We also assessed the coagulative state in aPL carriers and had 2 findings consistent with previous views.[19] First, even with anticoagulant therapy, patients with aPL positivity were still in a hypercoagulable state with higher fibrinogen before and after delivery compared with control group. Second, D-Dimer in APS group was lower than NCAPS group due to the more use of LMWH. These suggested that though LMWH and LDA would affect coagulation function, the effect was not beyond a safe range, as postpartum bleeding did not increase.[20]

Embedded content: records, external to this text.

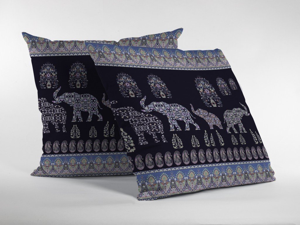 This gorgeous Purple Ornate Elephant Suede Throw Pillow represents the perfect bohemian style with a contemporary color palette. The intricately decorative elephant prints and paisley patterns in soft blue and cream tones create a stunning visual contrast over the deep purple-black background. Crafted from a sturdy suede fabric, the pillow ensures durability with a soft and smooth texture, ideal for everyday use. The soft and cushiony feel comes from the high-quality polyfill insert that adds to the fluffy look while ensuring maximum comfort for relaxation. Flaunt this ornate throw pillow in your contemporary home to emphasize a classic boho-chic aesthetic in your living room. 18” x 18” x 5”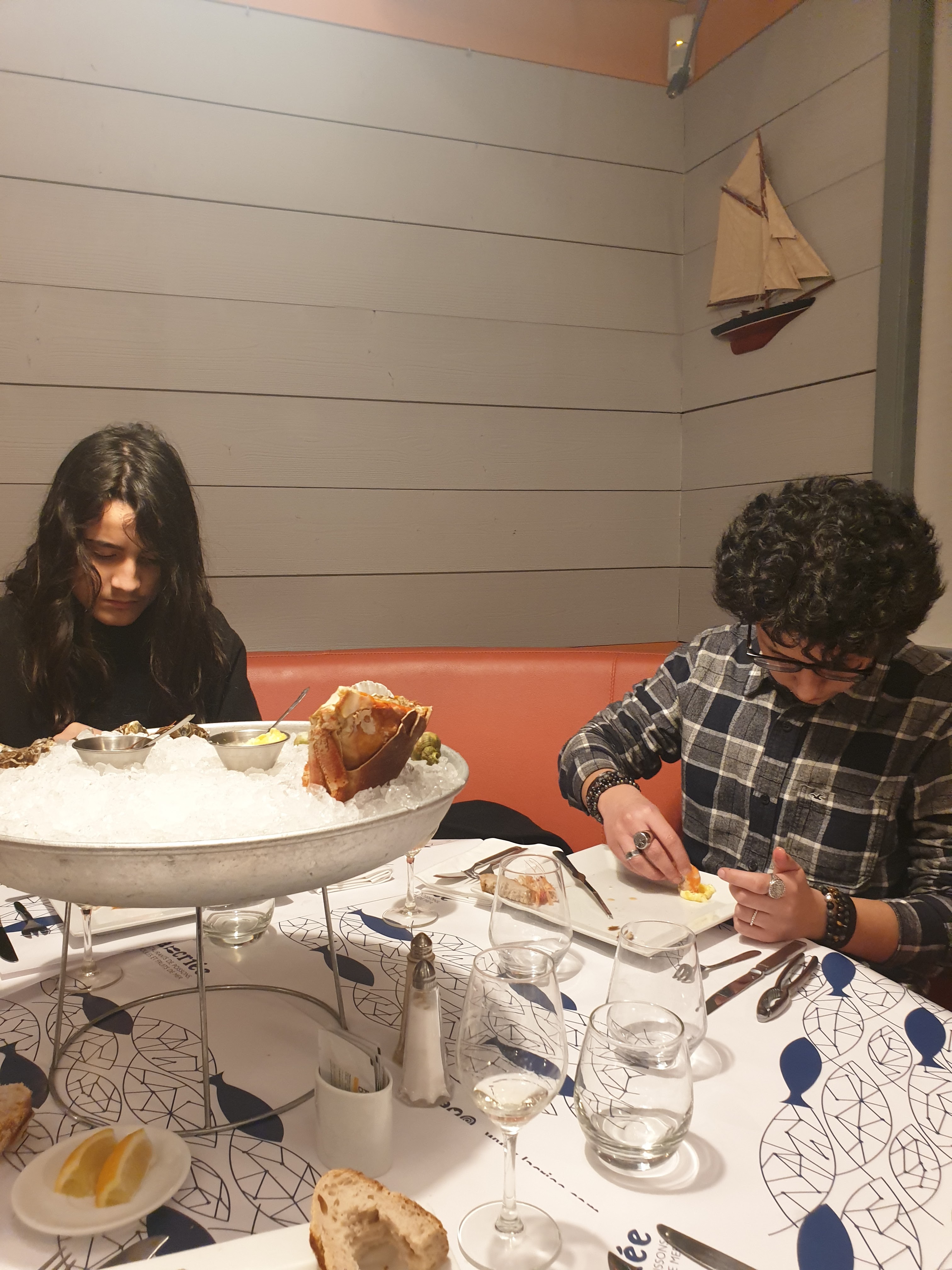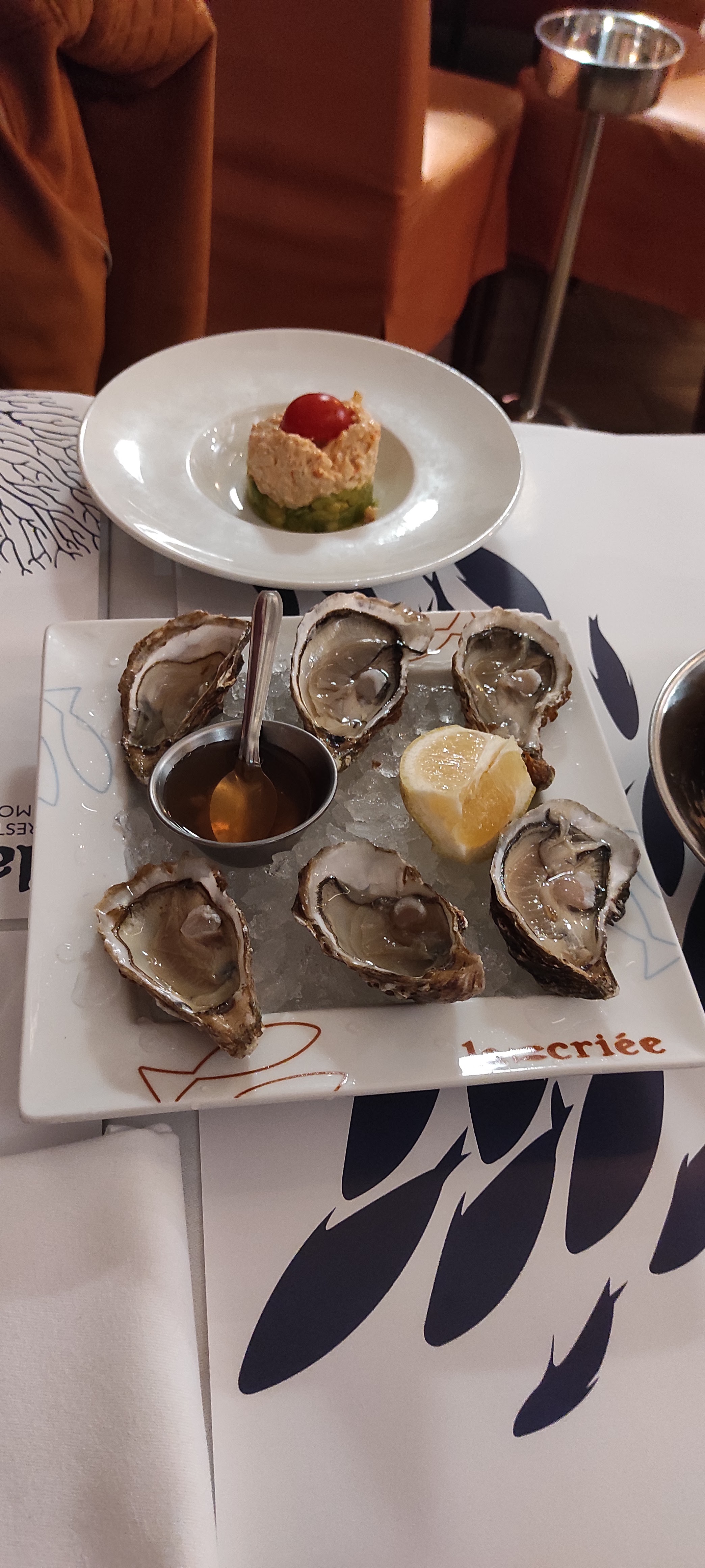 Assez déçue dans l'ensemble. Faussement guindé, ce restaurant n'est pas à la hauteur de ses prétentions. C'est cher et peu copieux. Les plateaux de fruits de mer sont énormes mais remplis de glace. Un apéritif nous a été proposé. La serveuse a avoué confondre muscat et muscadet. 😕 Aucune autre boisson ne nous a été proposée ni vin ni eau pour accompagner notre plat. Nous sommes allés au bar pour commander du vin, lequel nous a été apporté après que nous ayons mangé notre plat. Pas d'aïoli ou de sauces moins classiques. Donc, je ne recommande pas du tout, on peut manger mieux et moins cher ailleurs, même coquillages et crustacés.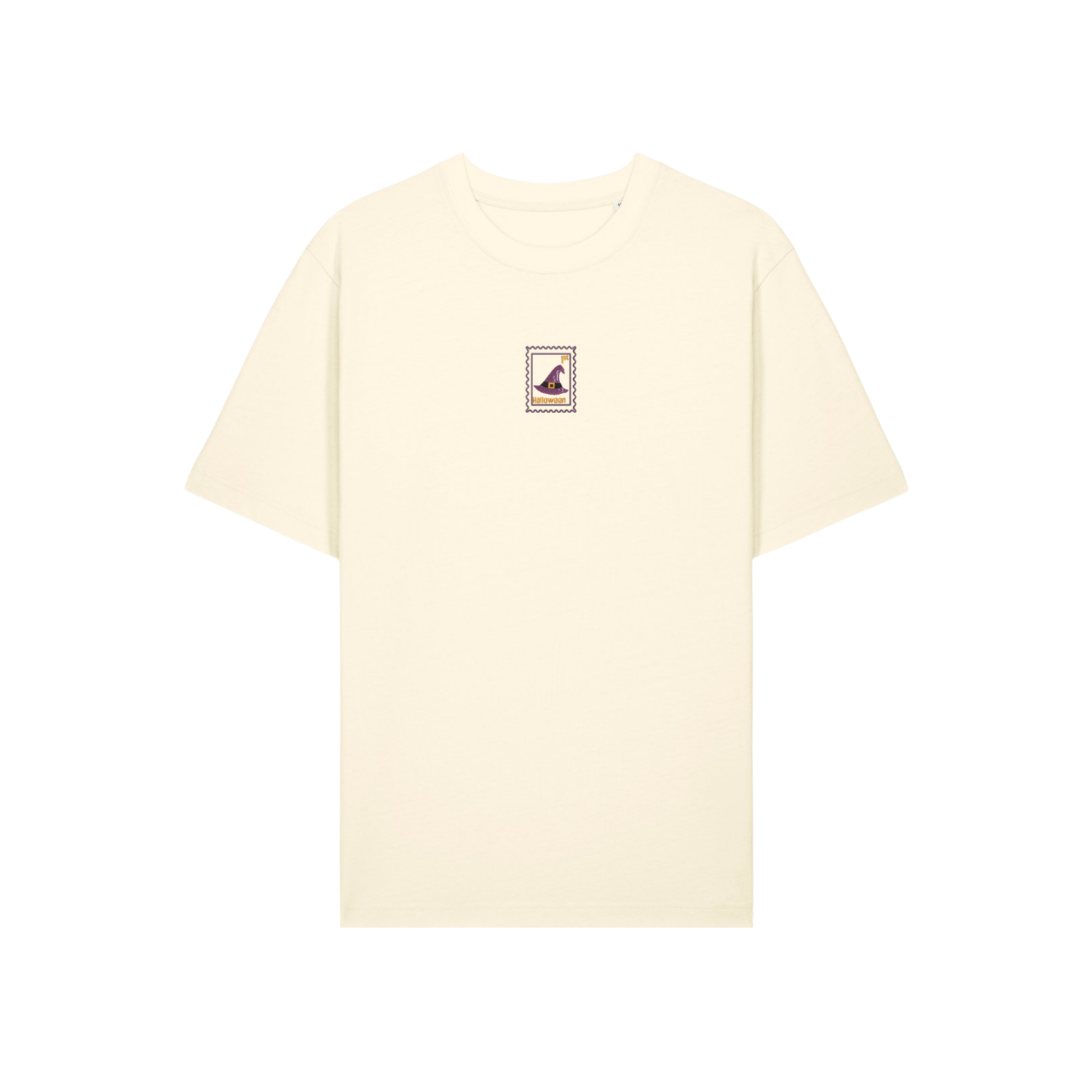 Made from soft, 100% organic open-end cotton and weighing 240 gsm, this t-shirt is heavyweight and perfect for layering under a hoodie or jacket during chilly October nights. Its relaxed unisex fit makes it a versatile piece for everyone – from spooky season lovers to witch fans who want a unique embroidered design instead of a printed graphic.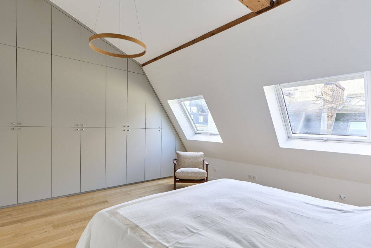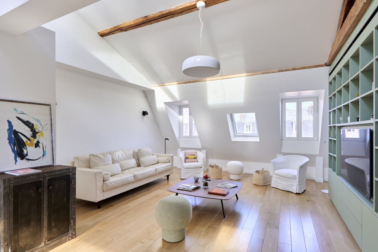 Au 6e et dernier étage d'un bel immeuble ancien, au sein d'une copropriété sécurisée et à l'abri des regards, très joli appartement meublé de 123m² (145m² au sol) totalement refait à neuf. Il se compose d'une entrée avec armoire, un joli séjour avec bibliothèque, une grande cuisine entièrement équipée (appareils éléctromenager haut-de-gamme) et coin de salle à manger, 3 chambres, deux salles d'eau dont une avec WC, une buanderie, des WC séparées. Calme absolu. Copropriété avec de nombreux gardiens.

There were some limitations of this study. First, the relatively small size of the patient cohort. Since APS has a low incidence, a collaborative study including several pregnancy clinics should be considered in the future research. Second, the study only tested limited antibodies. More immunological factors such as complement C3 and C4, antiphosphatidylserine/prothrombin antibodies (aPS/PT), should be added in further study, which might be associated with adverse pregnancy outcomes.[21,22]

Conclusion

Better pregnant outcomes of aPL positive women, include APS and NCAPS, were achieved in our study with treatment based on LDA plus LMWH. The incidence of IUGR was still higher in them, and aCL positivity was the only one risk factor associated with IUGR. The value of aCL IgM/IgG was positively correlated with IUGR.